*** Opening of Working data ***
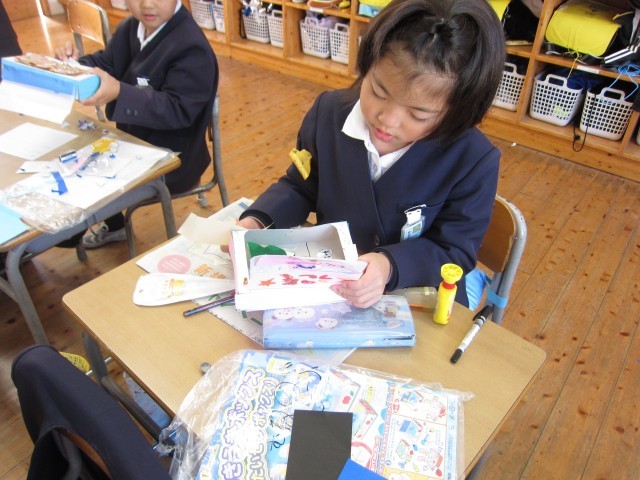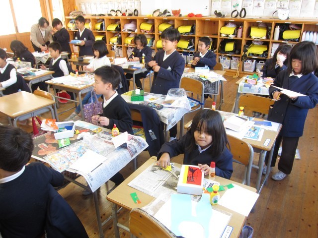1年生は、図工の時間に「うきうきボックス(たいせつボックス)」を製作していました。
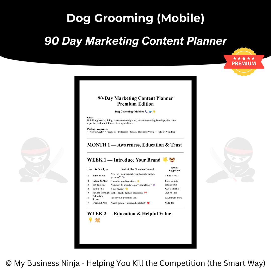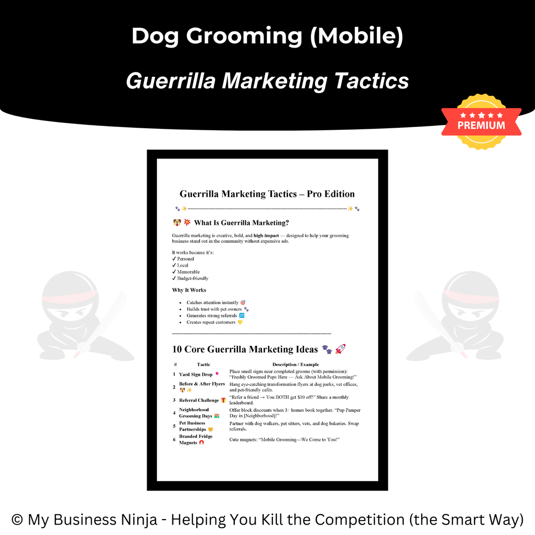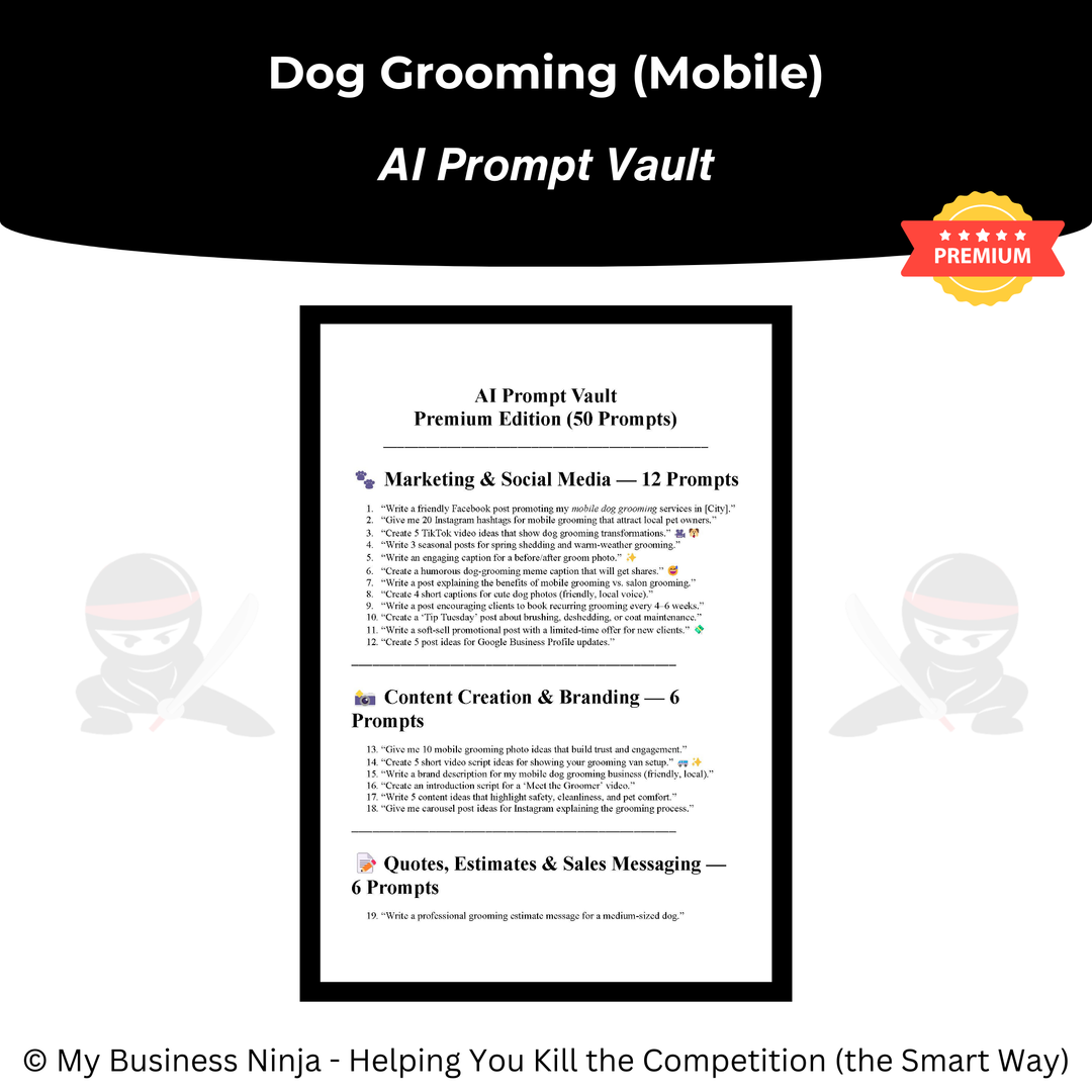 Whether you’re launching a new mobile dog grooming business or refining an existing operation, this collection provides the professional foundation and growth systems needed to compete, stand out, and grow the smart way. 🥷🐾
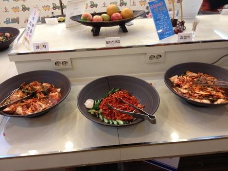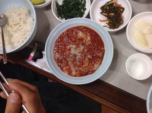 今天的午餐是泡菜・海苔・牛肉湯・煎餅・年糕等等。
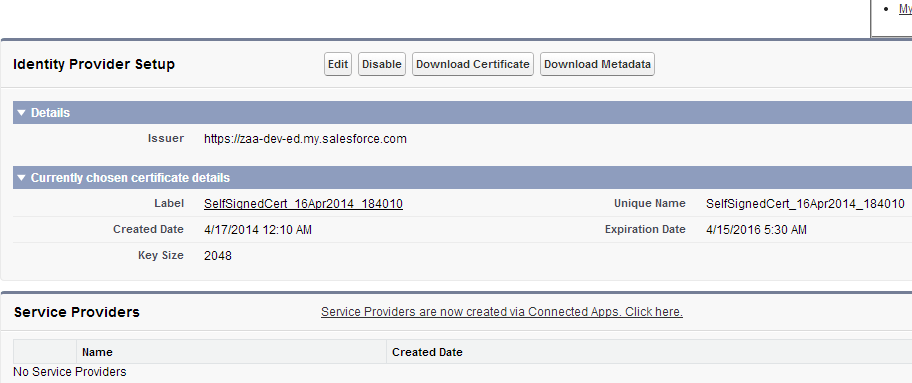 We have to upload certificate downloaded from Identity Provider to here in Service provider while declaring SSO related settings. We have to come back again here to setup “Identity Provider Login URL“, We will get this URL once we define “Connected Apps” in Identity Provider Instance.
*** Close of Working data ***
*** Opening of Working data ***
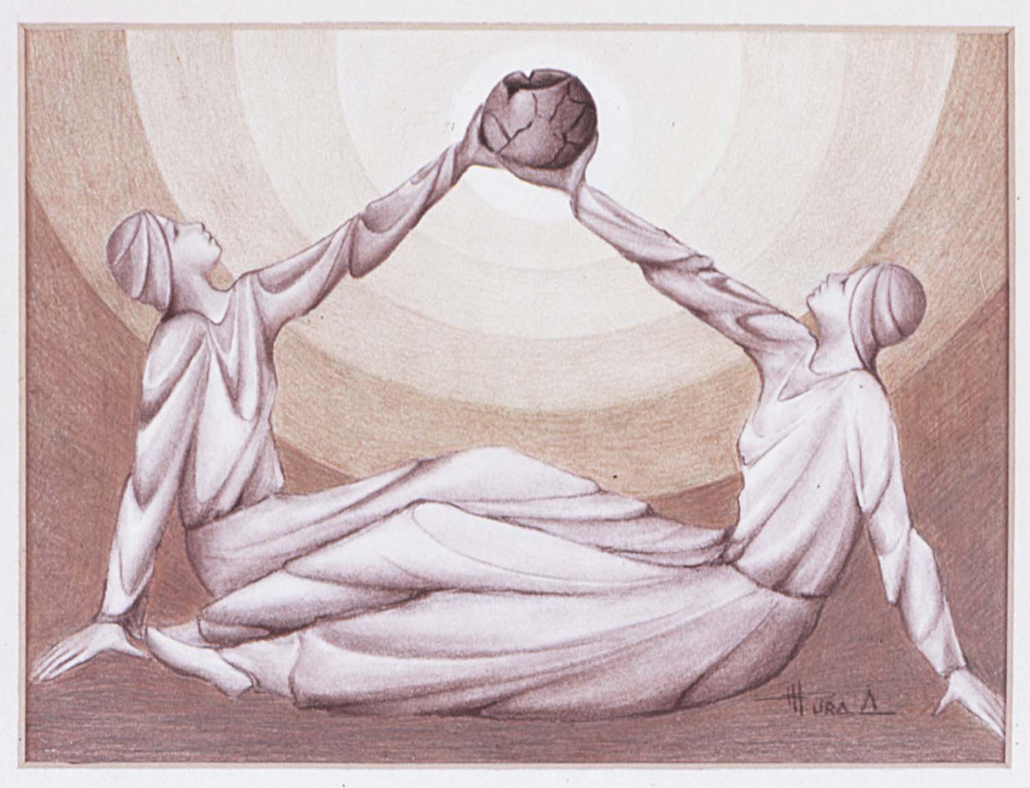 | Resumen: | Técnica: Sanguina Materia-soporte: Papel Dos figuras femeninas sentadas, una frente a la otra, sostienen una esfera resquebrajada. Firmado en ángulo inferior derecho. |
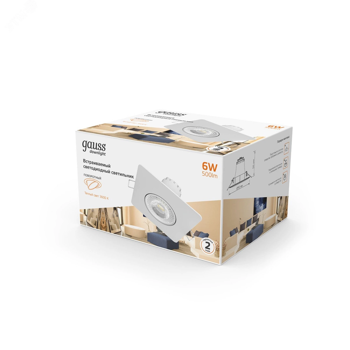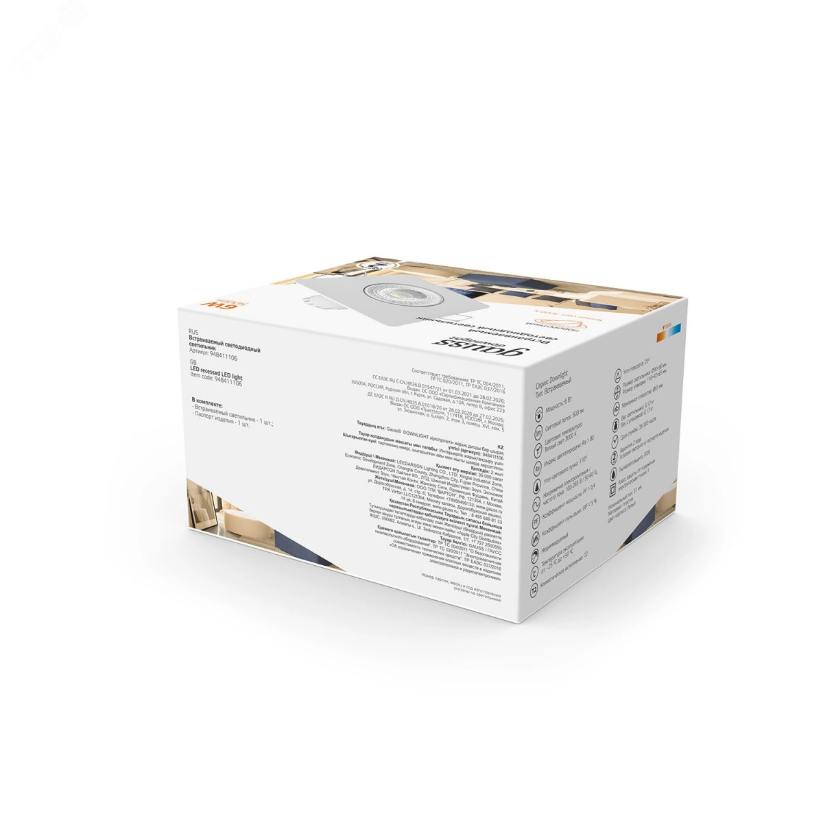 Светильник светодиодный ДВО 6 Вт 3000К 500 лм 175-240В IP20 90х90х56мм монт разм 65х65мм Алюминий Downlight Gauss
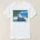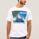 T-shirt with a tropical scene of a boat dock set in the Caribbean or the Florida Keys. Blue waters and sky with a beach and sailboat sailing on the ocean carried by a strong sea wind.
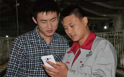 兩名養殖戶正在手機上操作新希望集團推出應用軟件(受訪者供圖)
*** Close of Working data ***
*** Opening of Working data ***
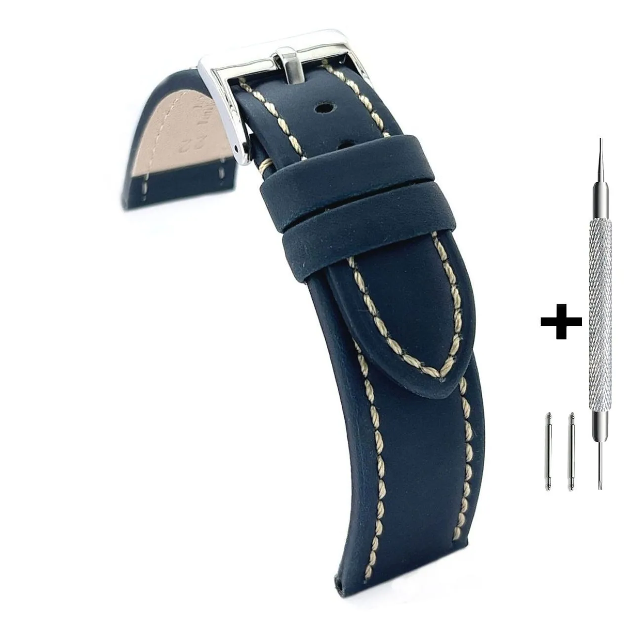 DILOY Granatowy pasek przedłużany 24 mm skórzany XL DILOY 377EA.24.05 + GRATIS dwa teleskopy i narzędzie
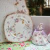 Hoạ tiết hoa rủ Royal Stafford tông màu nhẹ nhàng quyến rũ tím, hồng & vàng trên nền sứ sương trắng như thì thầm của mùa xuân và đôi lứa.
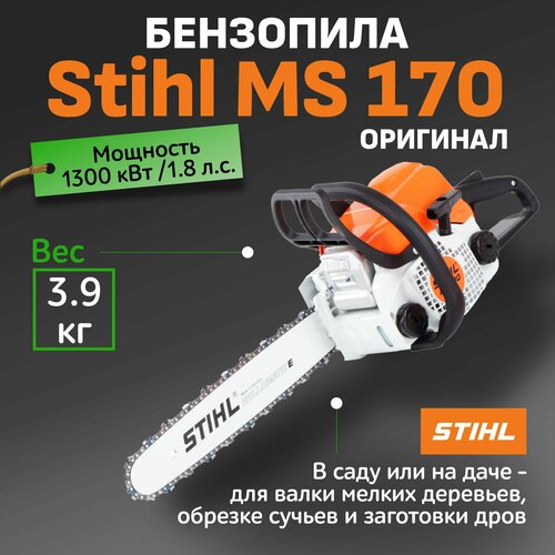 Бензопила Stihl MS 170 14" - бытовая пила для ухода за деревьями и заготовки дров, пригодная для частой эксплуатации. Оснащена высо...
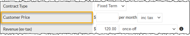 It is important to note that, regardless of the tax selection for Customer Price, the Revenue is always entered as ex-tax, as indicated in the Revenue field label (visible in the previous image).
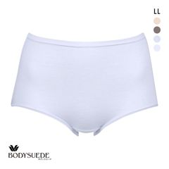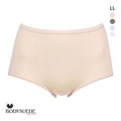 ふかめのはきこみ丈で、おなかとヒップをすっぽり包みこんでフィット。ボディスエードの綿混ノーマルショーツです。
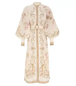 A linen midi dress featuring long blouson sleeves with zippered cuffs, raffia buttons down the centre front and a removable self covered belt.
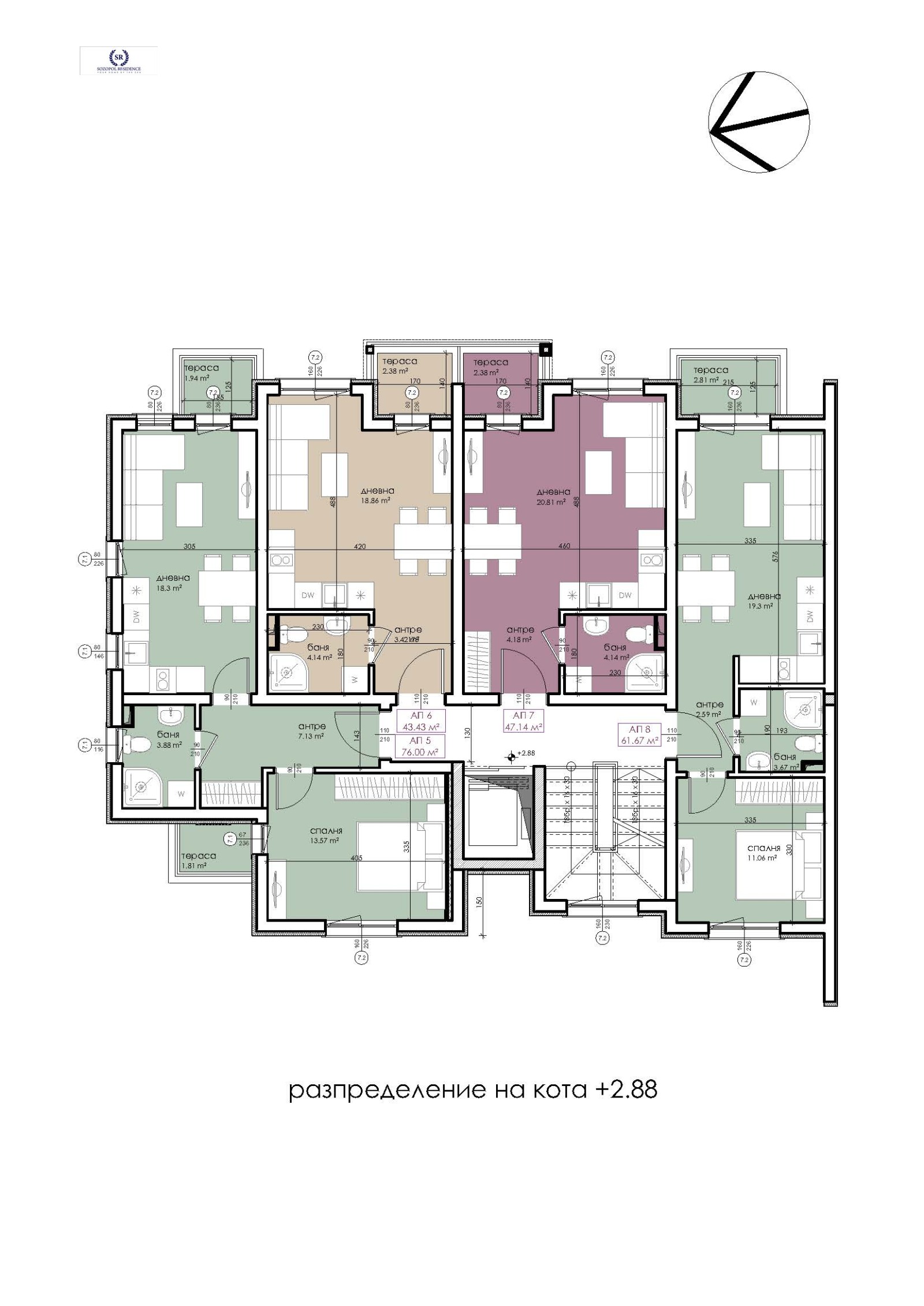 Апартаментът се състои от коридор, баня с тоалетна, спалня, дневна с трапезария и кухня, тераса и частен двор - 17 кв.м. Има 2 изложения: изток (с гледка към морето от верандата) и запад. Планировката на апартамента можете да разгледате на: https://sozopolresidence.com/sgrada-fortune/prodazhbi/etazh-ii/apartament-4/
*** Close of Working data ***
In the material above, the stretch from the line with "1年生は、図工の時間に「うき" through the line with "We have to upload" is to be given again exactly, minus the pictures.

1年生は、図工の時間に「うきうきボックス(たいせつボックス)」を製作していました。
 Whether you’re launching a new mobile dog grooming business or refining an existing operation, this collection provides the professional foundation and growth systems needed to compete, stand out, and grow the smart way. 🥷🐾
 今天的午餐是泡菜・海苔・牛肉湯・煎餅・年糕等等。
 We have to upload certificate downloaded from Identity Provider to here in Service provider while declaring SSO related settings. We have to come back again here to setup “Identity Provider Login URL“, We will get this URL once we define “Connected Apps” in Identity Provider Instance.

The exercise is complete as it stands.